BRIEF
In your output, repeat each entry exactly and include no pictures.

Stored items from a collection:
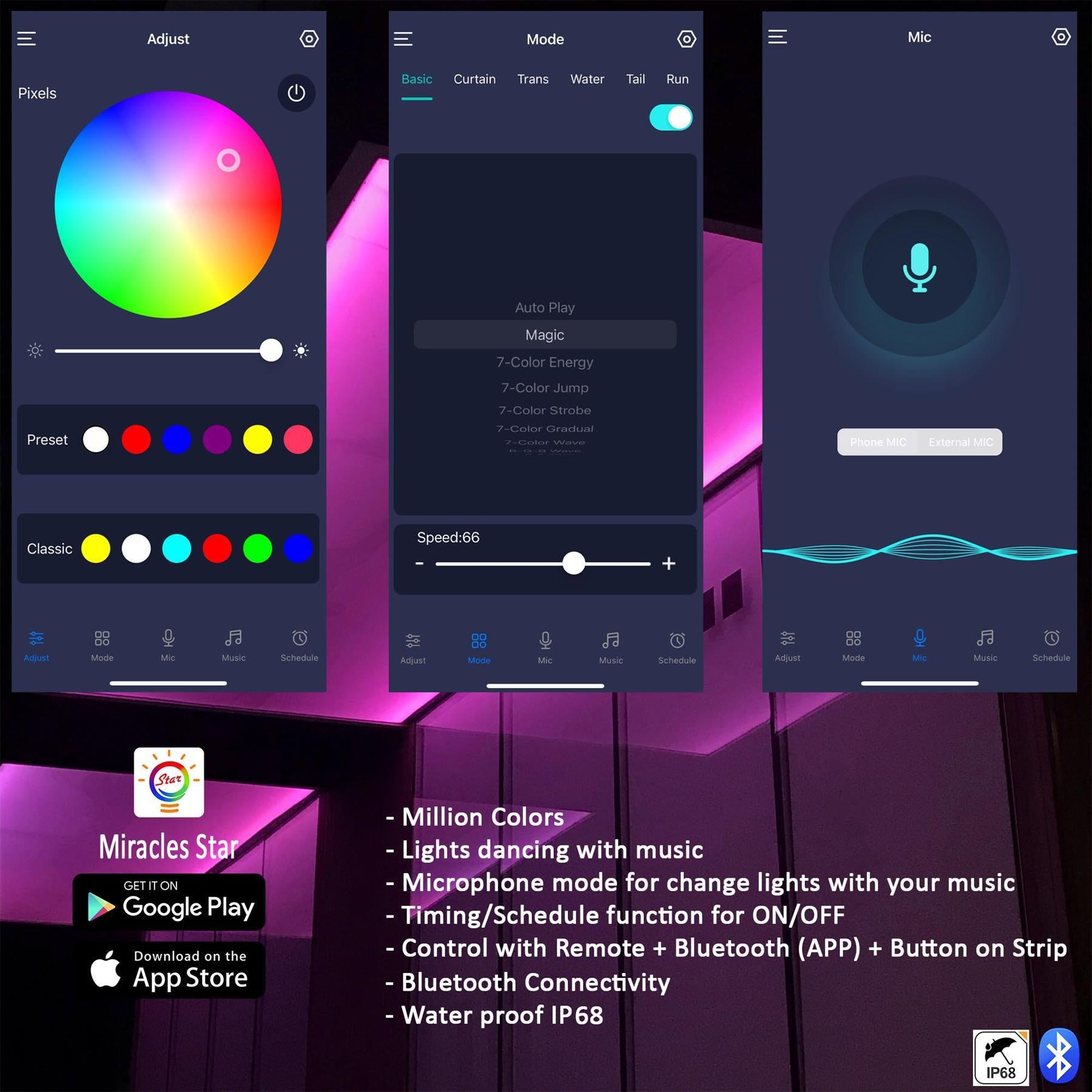 - IP44 Waterproof and 210+ color running modes and 250+ music sync modes, all in one with Remote control LED Lights make them perfect for outdoor, and home decoration.
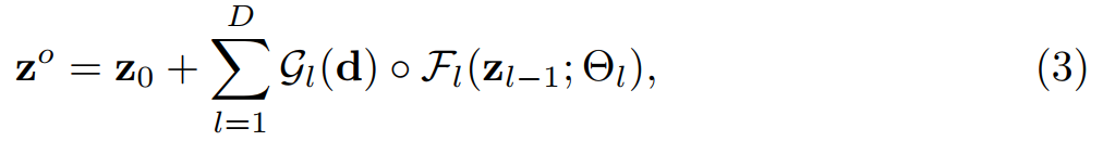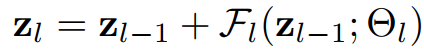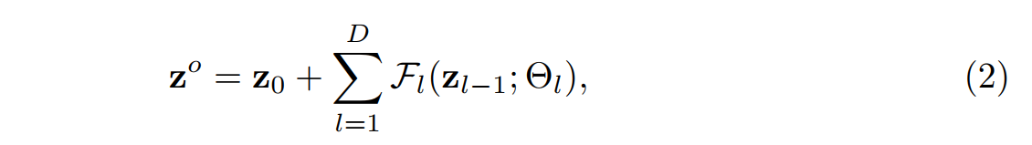 表示第l个残差块的网络参数。给出第(l-1)个残差块的输出,第l个残差块可以被写成
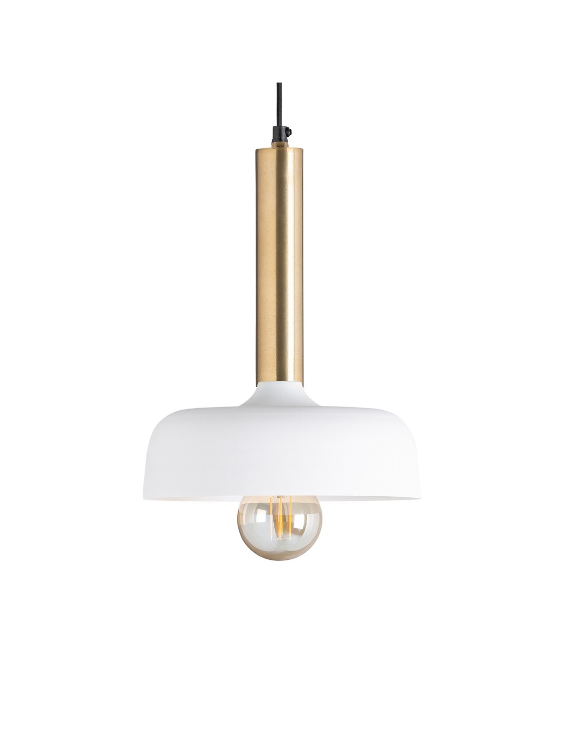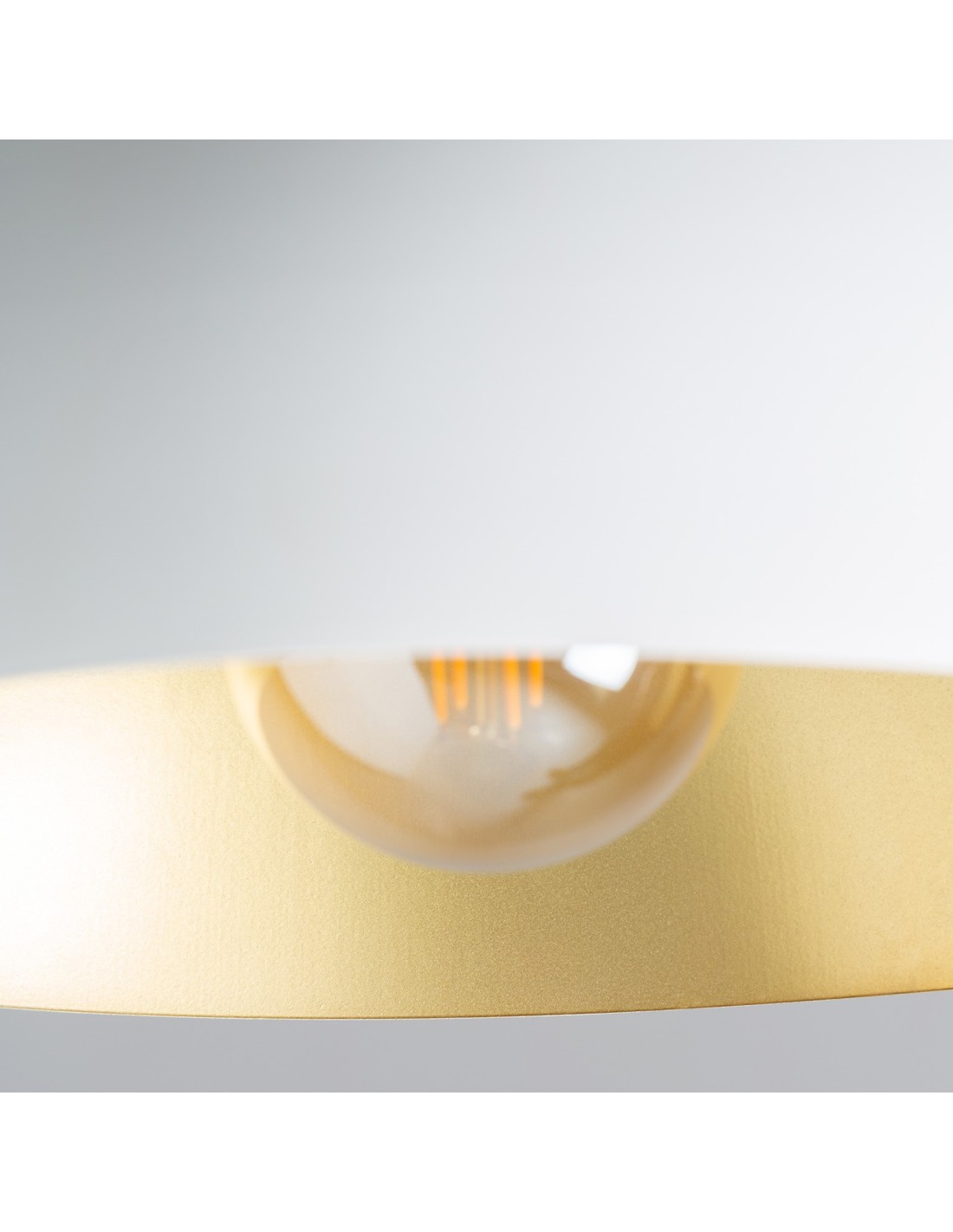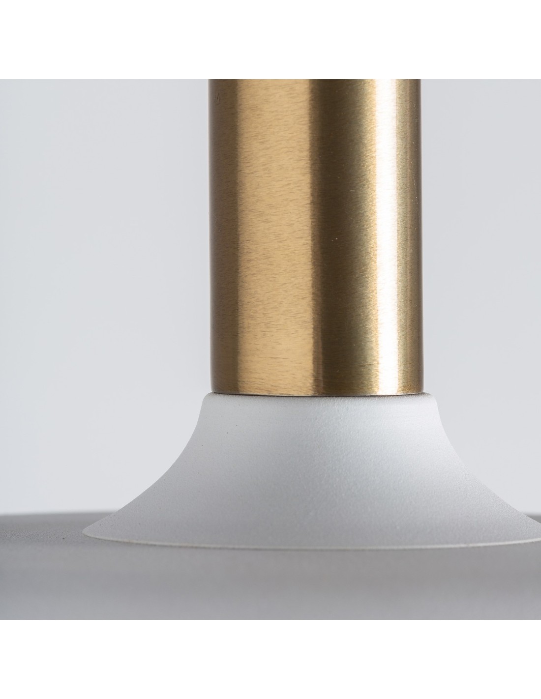 LÁMPARA DE COLGAR, EN COLOR BLANCO/ORO, DE ESTILO ART DECO. FABRICADO EN HIERRO. PRODUCTO EXTENSIBLE.
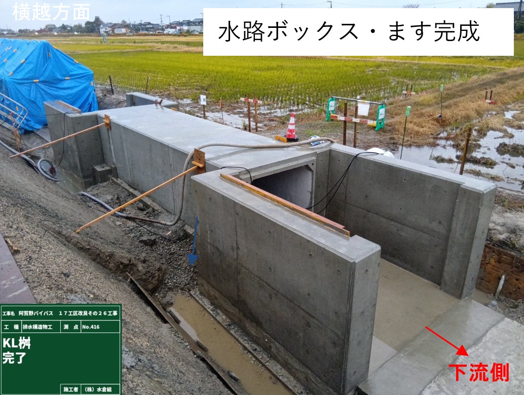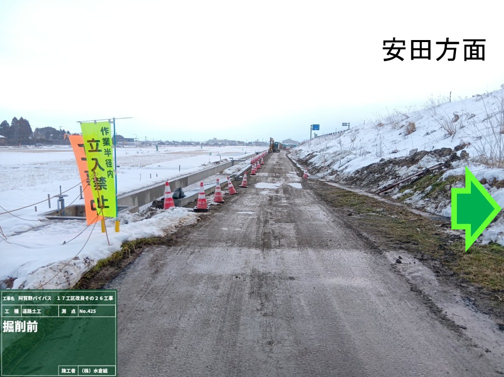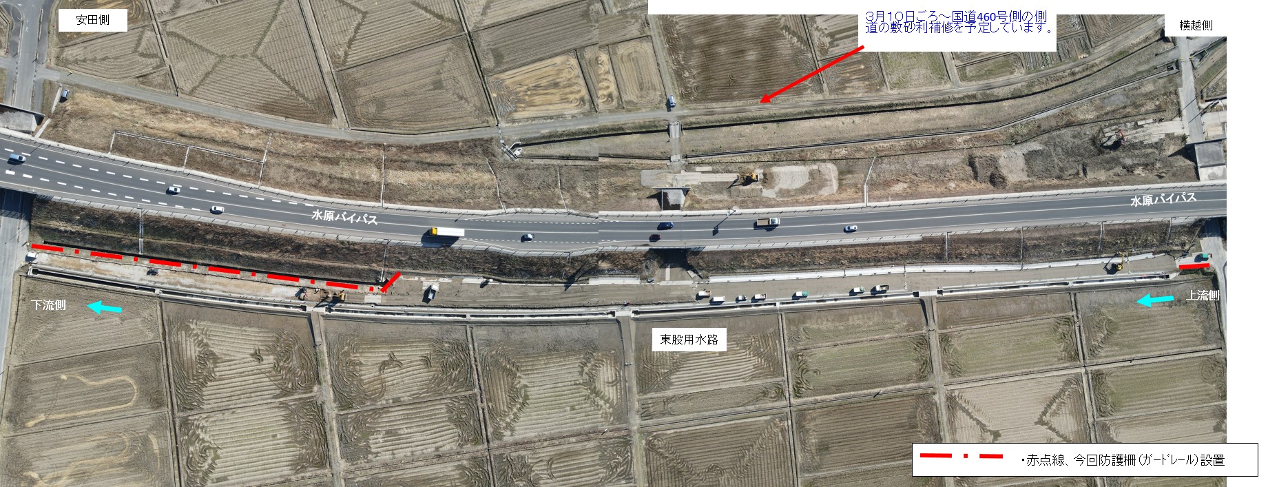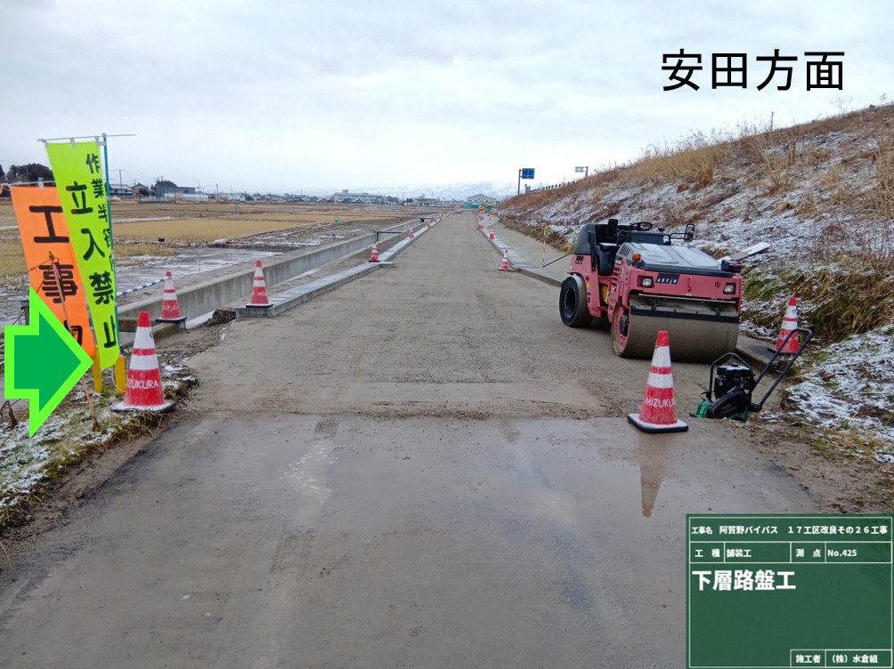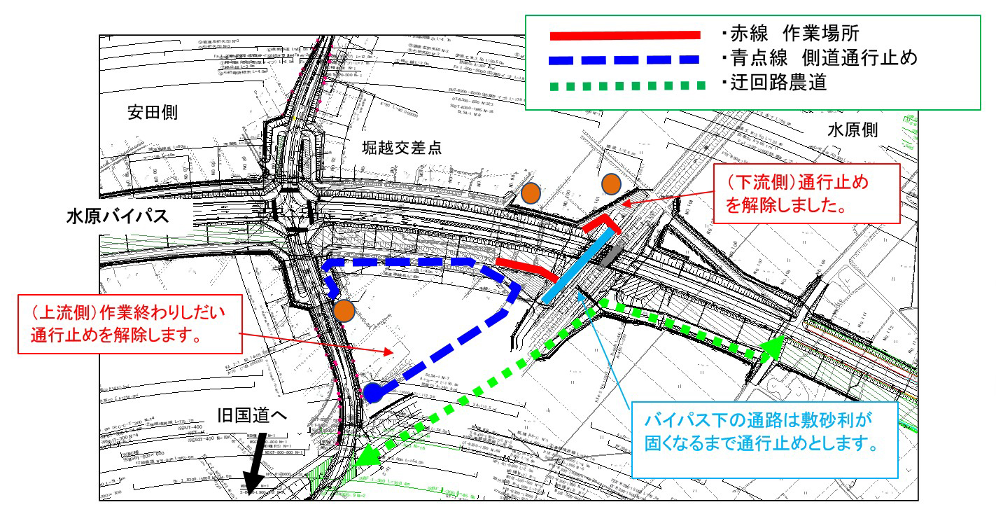 ・バイパス下の通路(管理用通路)については、敷砂利が固くなるまで通行止めとします。農道の迂回にご協力お願いします。
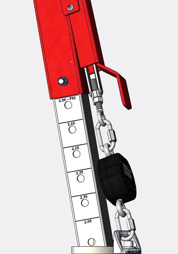 Puede regularse fácilmente en función de la estatura del gimnasta. Se puede conocer fácilmente la altura gracias a una marca visible en la corredera. La tensión y la amortiguación también pueden modificarse sin dificultad, en particular gracias a las placas de apoyo y a los silentblocs.
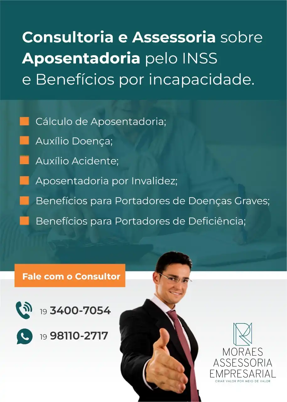 Folheto Assessoria e Consultoria para Aposentadoria Tipo: FolhetoCliente: Moraes Assessoria EmpresarialTema: AposentadoriaCores: Verde, branco e laranjaMensagem: Consultoria e assessoria sobre aposentadoria pelo INSS e benefícios por incapacidade. Cálculo de aposentadoria;Auxílio doença;Auxílio acidente;Aposentadoria por invalidez;Benefícios para portadores de doenças graves;Benefícios para portadores de deficiência;
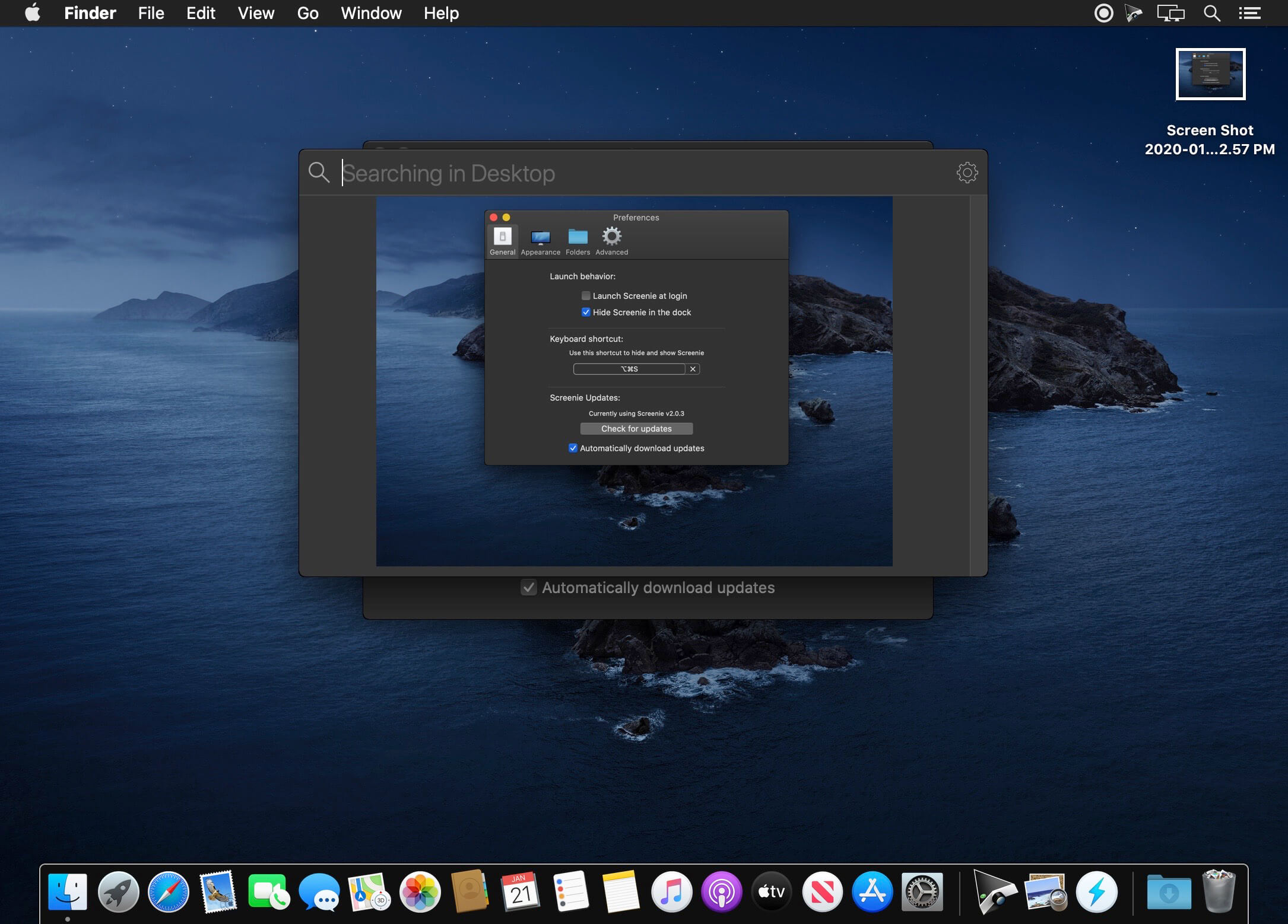 Screenie is the screenshot manager Apple forgot. You can drag screenshots right from your menu bar, or browse all of them from a convent drop down. Change the default location of screenshots, default file type, and even set a shortcut to copy the last image to your clipboard!

RESULT
 - IP44 Waterproof and 210+ color running modes and 250+ music sync modes, all in one with Remote control LED Lights make them perfect for outdoor, and home decoration.
 表示第l个残差块的网络参数。给出第(l-1)个残差块的输出,第l个残差块可以被写成
 LÁMPARA DE COLGAR, EN COLOR BLANCO/ORO, DE ESTILO ART DECO. FABRICADO EN HIERRO. PRODUCTO EXTENSIBLE.
 ・バイパス下の通路(管理用通路)については、敷砂利が固くなるまで通行止めとします。農道の迂回にご協力お願いします。
 Puede regularse fácilmente en función de la estatura del gimnasta. Se puede conocer fácilmente la altura gracias a una marca visible en la corredera. La tensión y la amortiguación también pueden modificarse sin dificultad, en particular gracias a las placas de apoyo y a los silentblocs.
 Folheto Assessoria e Consultoria para Aposentadoria Tipo: FolhetoCliente: Moraes Assessoria EmpresarialTema: AposentadoriaCores: Verde, branco e laranjaMensagem: Consultoria e assessoria sobre aposentadoria pelo INSS e benefícios por incapacidade. Cálculo de aposentadoria;Auxílio doença;Auxílio acidente;Aposentadoria por invalidez;Benefícios para portadores de doenças graves;Benefícios para portadores de deficiência;
 Screenie is the screenshot manager Apple forgot. You can drag screenshots right from your menu bar, or browse all of them from a convent drop down. Change the default location of screenshots, default file type, and even set a shortcut to copy the last image to your clipboard!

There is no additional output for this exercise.